Dividends can also help act as a barometer to a company’s financial health. Simply put – if a business has enough cash on its books to reward shareholders it probably means it has low debt levels and is in good shape. Take HSBC Bank PLC for example. You can purchase HSBC PLC Shares today on the London Stock Exchange for £5.18 per share. HSBC PLC in turn are paying shareholders an annual dividend return of 6.97% GBP. Alternatively if you held an HSBC Bank savings account, the interest you would earn in a year would be less than half of the dividend HSBC is paying to shareholders in way of dividend payments.
In times of low interest rates this method is not fail safe however as many large corporations are loading their books with cheap debt to boost dividend payments. In emerging markets where corporate governance is not as prevalent as in developed markets, dividends also indicate that the company’s interests are in line with shareholders’.

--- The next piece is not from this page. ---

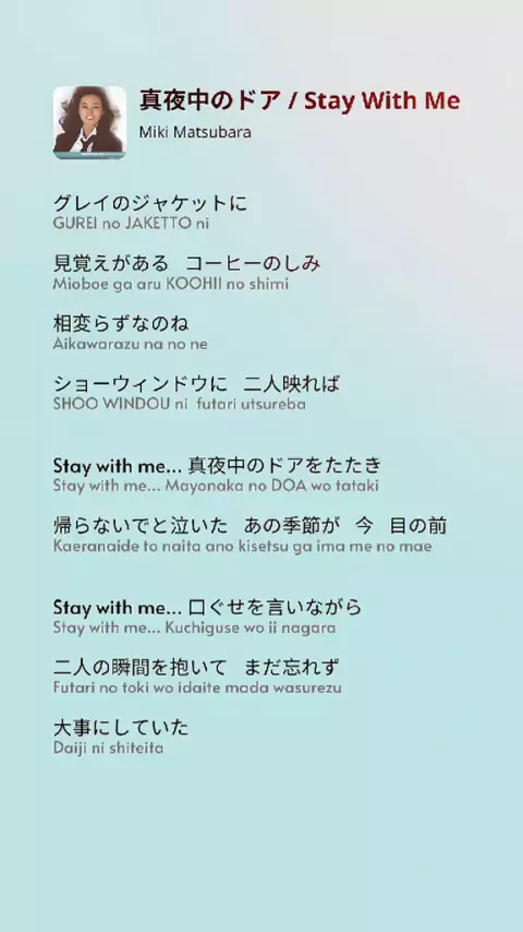 Miki Matsubara - 真夜中のドア / Stay With Me#mikimatsubara#staywithme#真夜中のドア#japanesemusic##lyrics#liriklagu#anime#おすすめ#歌詞動画#音楽#nostalgia

Inflation Proof Your Portfolio
Dividends not only maximise your growth potential, they help protect your portfolio from the erosive nature of inflation, this is a particular issue for savings account holders in Turkey, where inflation tends to run high with the weakening of Turkish Lira. Equity income should provide a level of protection against inflation. While quantitative easing remains a prominent feature in many leading economies, we think that inflation poses a risk to investors no matter where they reside. While income returns on traditional assets such as government bonds and cash deposits remain low, and in many cases are below the rate of inflation a well-managed equity income strategy which offers both stability and shield against inflation should be an attractive option for investors with long-term horizons.